- _PROMPT_:
After locating the line with "Ce 12 janvier, Marianne" in the entries below, output it and each following line up to and including the line with "4、最下方血量耗盡夢境崩潰,可選擇重新開", exactly and without pictures.

##### DATA SHOWN

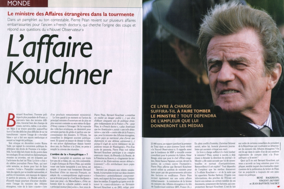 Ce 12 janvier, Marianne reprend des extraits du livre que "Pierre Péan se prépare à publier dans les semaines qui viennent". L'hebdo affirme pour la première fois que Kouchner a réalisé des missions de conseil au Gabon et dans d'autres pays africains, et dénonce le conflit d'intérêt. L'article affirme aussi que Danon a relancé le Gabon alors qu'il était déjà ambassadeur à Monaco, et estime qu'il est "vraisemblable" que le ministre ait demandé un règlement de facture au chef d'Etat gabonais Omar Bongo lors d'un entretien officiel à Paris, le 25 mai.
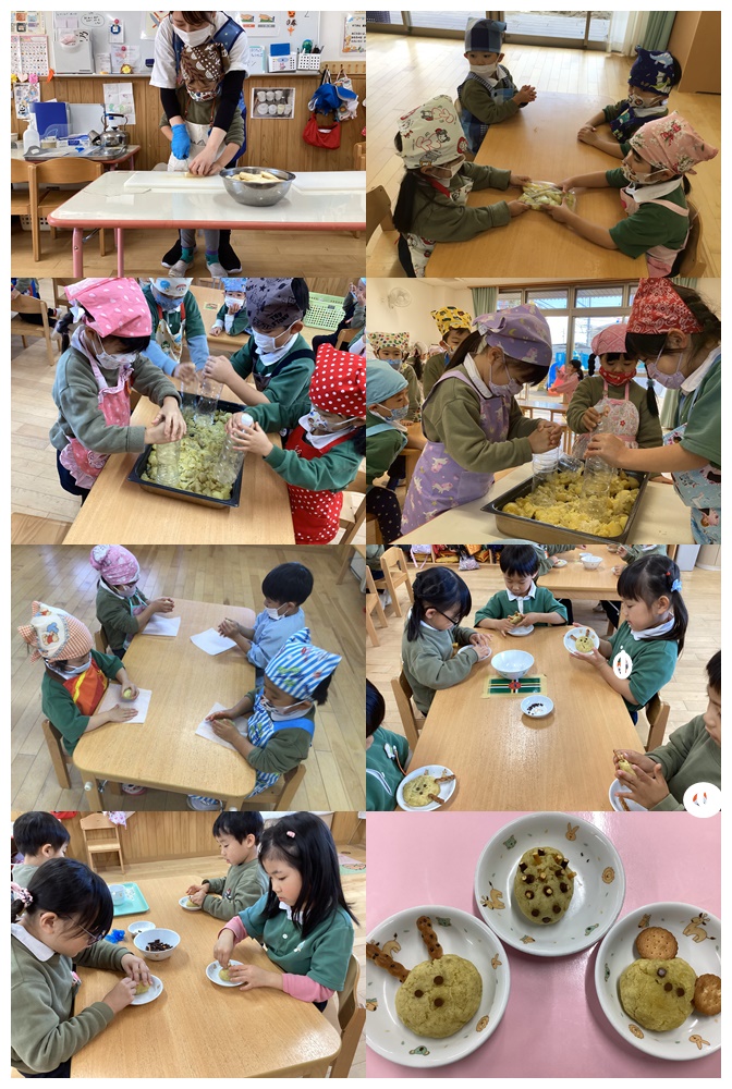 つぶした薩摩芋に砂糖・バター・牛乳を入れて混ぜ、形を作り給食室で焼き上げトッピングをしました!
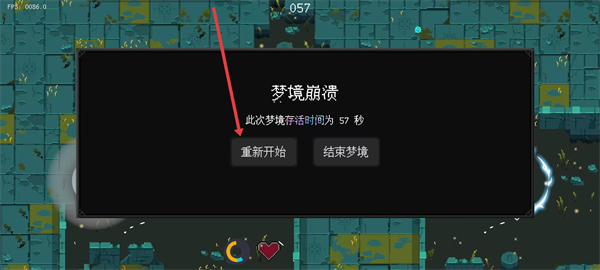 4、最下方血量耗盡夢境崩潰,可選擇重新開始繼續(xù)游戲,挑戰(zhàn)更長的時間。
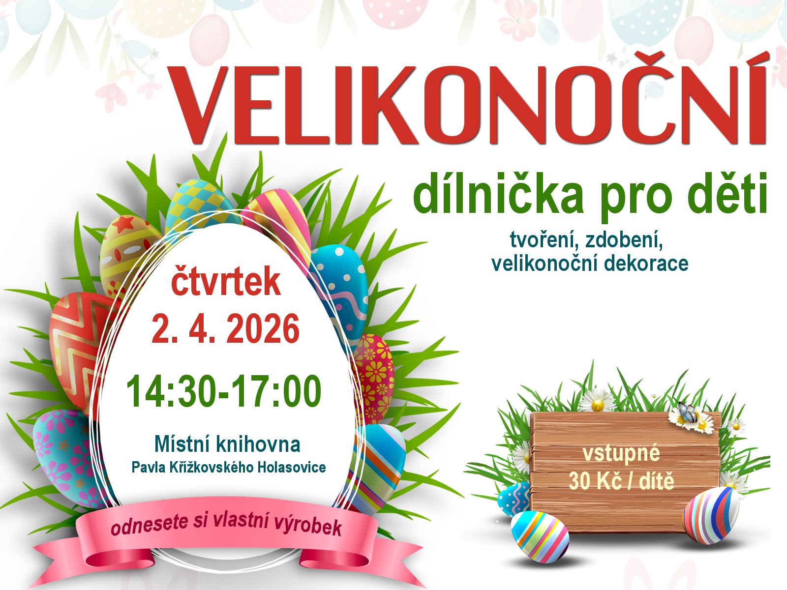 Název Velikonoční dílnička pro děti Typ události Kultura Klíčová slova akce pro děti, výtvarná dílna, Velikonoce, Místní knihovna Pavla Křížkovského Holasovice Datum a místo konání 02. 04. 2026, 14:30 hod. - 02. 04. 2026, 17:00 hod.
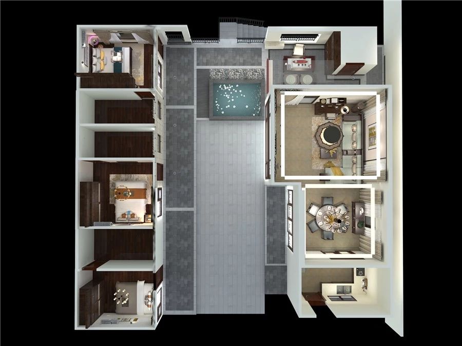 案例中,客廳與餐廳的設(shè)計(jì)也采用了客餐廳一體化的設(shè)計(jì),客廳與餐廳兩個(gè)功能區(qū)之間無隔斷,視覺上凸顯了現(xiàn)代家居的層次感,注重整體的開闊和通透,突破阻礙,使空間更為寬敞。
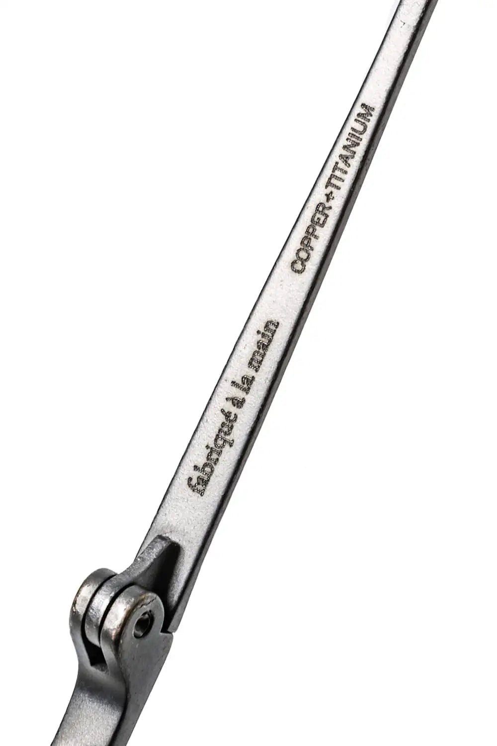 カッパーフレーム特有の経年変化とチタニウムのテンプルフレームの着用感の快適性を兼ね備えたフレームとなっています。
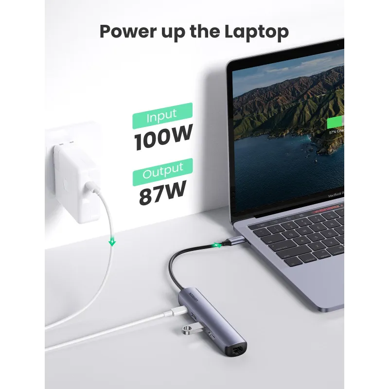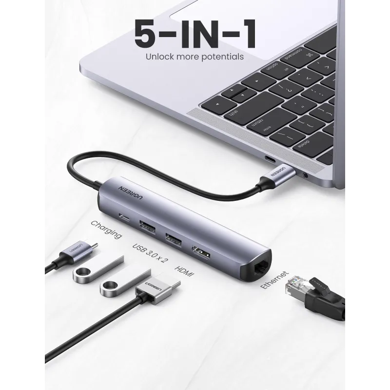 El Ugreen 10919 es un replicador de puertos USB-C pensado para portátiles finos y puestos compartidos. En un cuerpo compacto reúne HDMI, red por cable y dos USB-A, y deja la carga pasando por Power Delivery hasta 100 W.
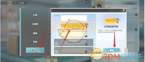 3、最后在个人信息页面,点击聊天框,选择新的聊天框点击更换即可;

##########
##### DATA SHOWN

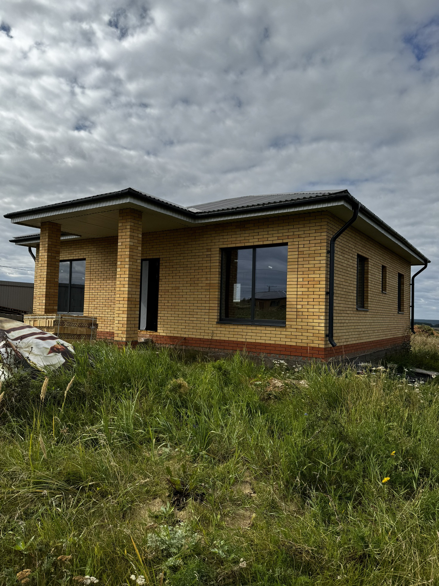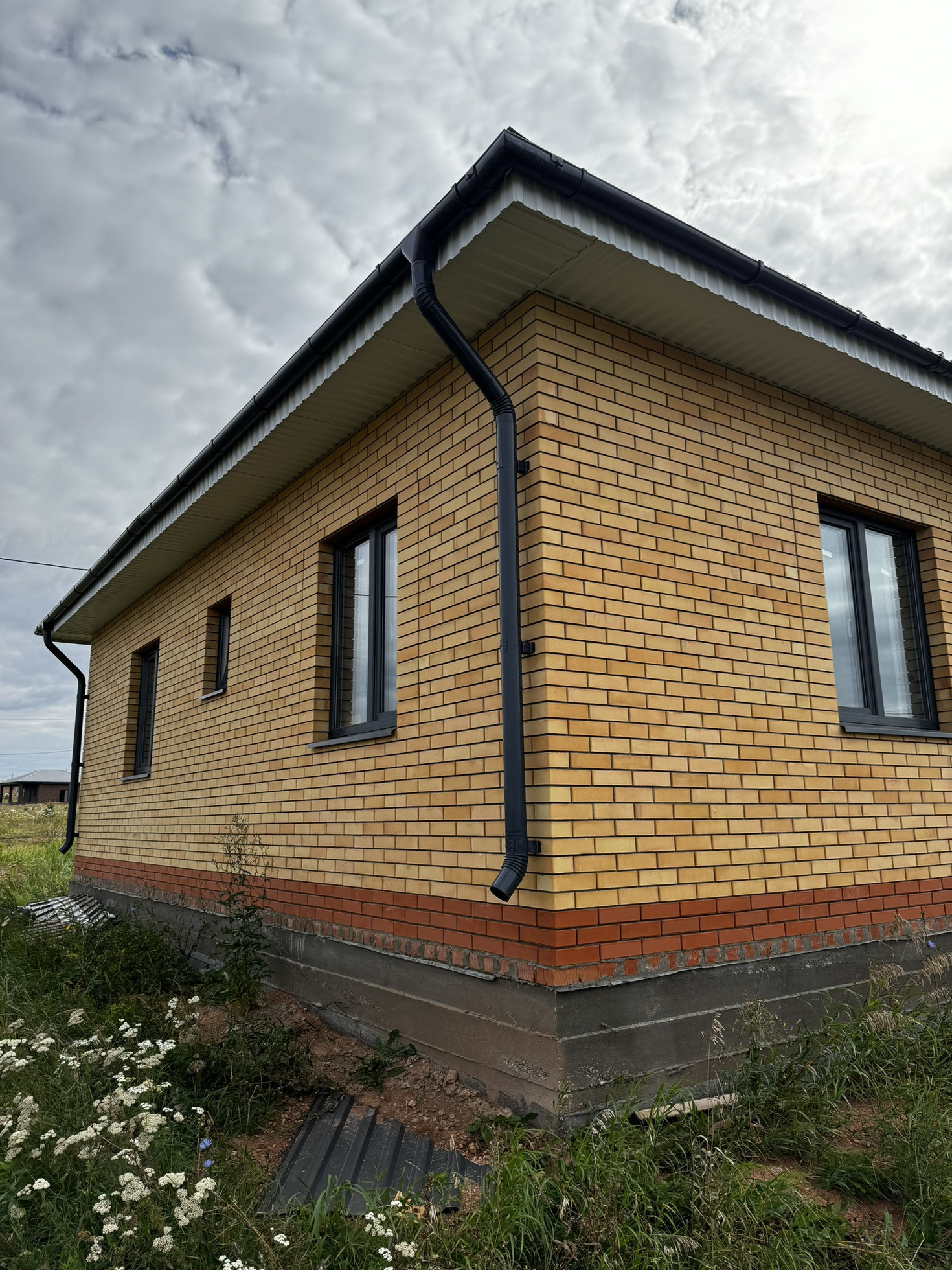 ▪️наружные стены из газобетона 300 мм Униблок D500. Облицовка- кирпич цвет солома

##########
##### DATA SHOWN

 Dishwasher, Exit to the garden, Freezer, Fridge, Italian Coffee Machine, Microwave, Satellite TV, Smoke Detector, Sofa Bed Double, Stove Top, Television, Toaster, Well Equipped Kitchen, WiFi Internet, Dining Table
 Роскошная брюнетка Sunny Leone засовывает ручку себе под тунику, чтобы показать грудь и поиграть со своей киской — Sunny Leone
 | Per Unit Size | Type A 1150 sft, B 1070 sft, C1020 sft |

##########

- _ANSWER FOR THE TASK_:
 Ce 12 janvier, Marianne reprend des extraits du livre que "Pierre Péan se prépare à publier dans les semaines qui viennent". L'hebdo affirme pour la première fois que Kouchner a réalisé des missions de conseil au Gabon et dans d'autres pays africains, et dénonce le conflit d'intérêt. L'article affirme aussi que Danon a relancé le Gabon alors qu'il était déjà ambassadeur à Monaco, et estime qu'il est "vraisemblable" que le ministre ait demandé un règlement de facture au chef d'Etat gabonais Omar Bongo lors d'un entretien officiel à Paris, le 25 mai.
 つぶした薩摩芋に砂糖・バター・牛乳を入れて混ぜ、形を作り給食室で焼き上げトッピングをしました!
 4、最下方血量耗盡夢境崩潰,可選擇重新開始繼續(xù)游戲,挑戰(zhàn)更長的時間。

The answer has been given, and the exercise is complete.